(INSTRUCTIONS FOR THE TASK)
Repeat exactly the lines that run from the start of the records below to the line with "李宏副市長一行實地察看了學院", including both of those lines but not the pictures.

- Opening Delimiter -

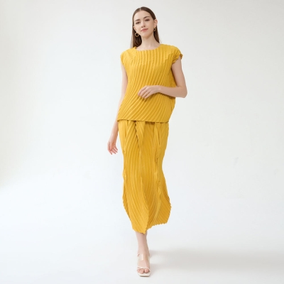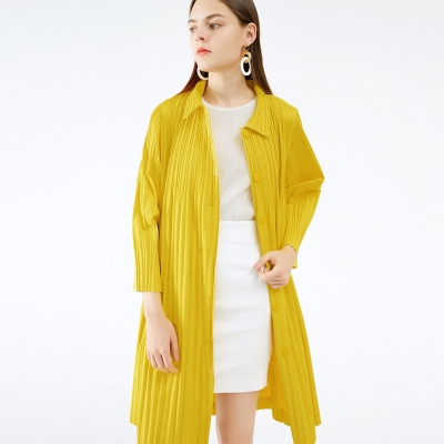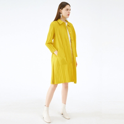 Irregular Two-Piece Long Sleeve Gradient Coat Collar Temperament Leisure Pleated Dress
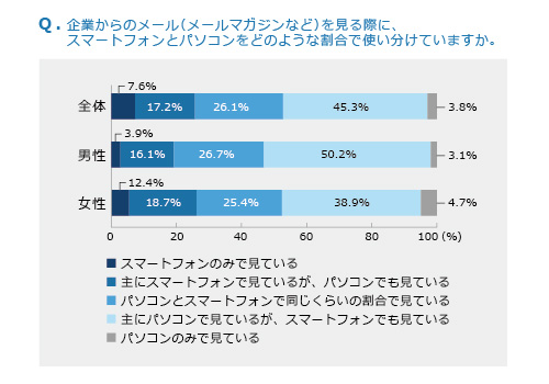 では、企業からのメールを閲覧する際には、スマホとPCをどのような割合で使い分けているのでしょうか。
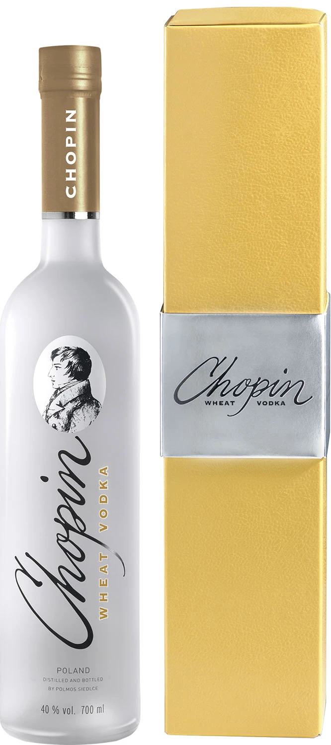 Chopin Wheat to wódka pszeniczna, wytwarzana jest według tradycyjnych receptur w 100% z polskiej pszenicy ozimej, uprawianej na żyznych glebach Podlasia. Każda butelka wódki Chopin to połączenie pszenicy, drożdży oraz wody ze studni głębinowych. Tak dobrane składniki są czterokrotnie destylowane oraz pięciokrotnie filtrowane dla uzyskania optymalnego smaku. Chopin Wheat Vodka cechuje się słodkim i delikatnym aromatem ciasta. Początkowo wyczuwalne nuty miodu zmieniają się w karmelowo-miodowy finisz.”
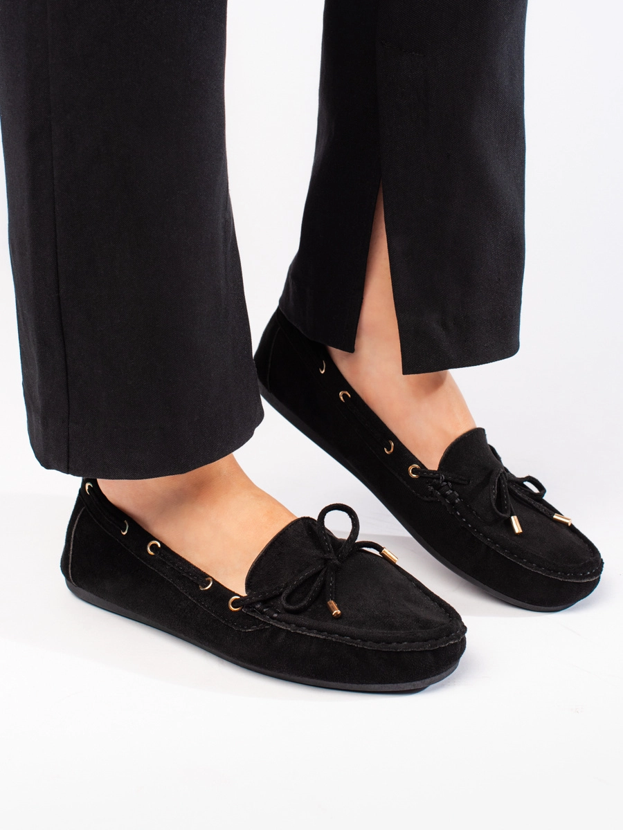 Pohodlné dámske čierne mokasíny bez podpätku
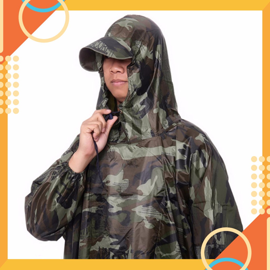 Kho Sỉ HCM-Áo Mưa Bít Phủ Kín Họa Tiết Lính Rằn Ri, Vải Dù Cao Cấp Siêu Bền 1m4-Tính Phần đầu(1m65)tuyển sỉ toàn quốc
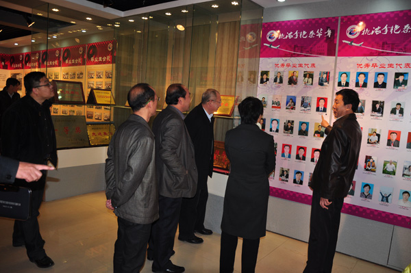 李宏副市長一行實地察看了學院汽車實訓中心、機電實訓中心、軟件與外包服務(wù)學院、電氣實訓中心和校史展。
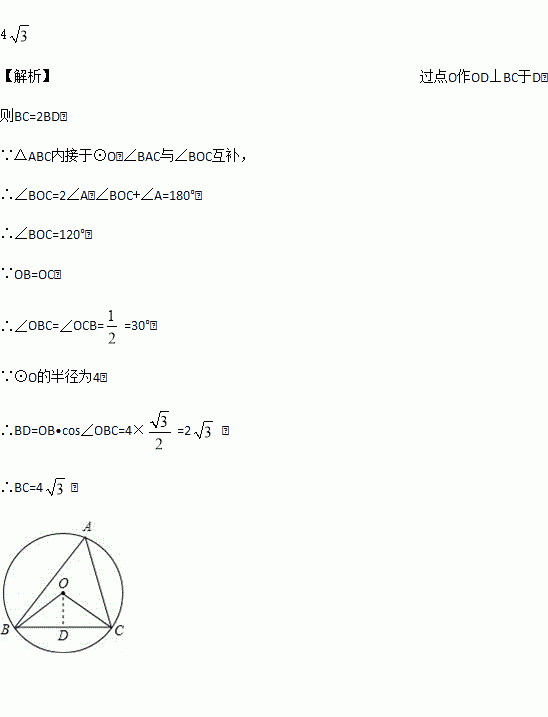 如图,⊙O的半径为4,△ABC是⊙O的内接三角形,连接OB、OC,若∠BAC和∠BOC互补,则弦BC的长度为_____.

- Closing Delimiter -

(RESPONSE BOX)
 Irregular Two-Piece Long Sleeve Gradient Coat Collar Temperament Leisure Pleated Dress
 では、企業からのメールを閲覧する際には、スマホとPCをどのような割合で使い分けているのでしょうか。
 Chopin Wheat to wódka pszeniczna, wytwarzana jest według tradycyjnych receptur w 100% z polskiej pszenicy ozimej, uprawianej na żyznych glebach Podlasia. Każda butelka wódki Chopin to połączenie pszenicy, drożdży oraz wody ze studni głębinowych. Tak dobrane składniki są czterokrotnie destylowane oraz pięciokrotnie filtrowane dla uzyskania optymalnego smaku. Chopin Wheat Vodka cechuje się słodkim i delikatnym aromatem ciasta. Początkowo wyczuwalne nuty miodu zmieniają się w karmelowo-miodowy finisz.”
 Pohodlné dámske čierne mokasíny bez podpätku
 Kho Sỉ HCM-Áo Mưa Bít Phủ Kín Họa Tiết Lính Rằn Ri, Vải Dù Cao Cấp Siêu Bền 1m4-Tính Phần đầu(1m65)tuyển sỉ toàn quốc
 李宏副市長一行實地察看了學院汽車實訓中心、機電實訓中心、軟件與外包服務(wù)學院、電氣實訓中心和校史展。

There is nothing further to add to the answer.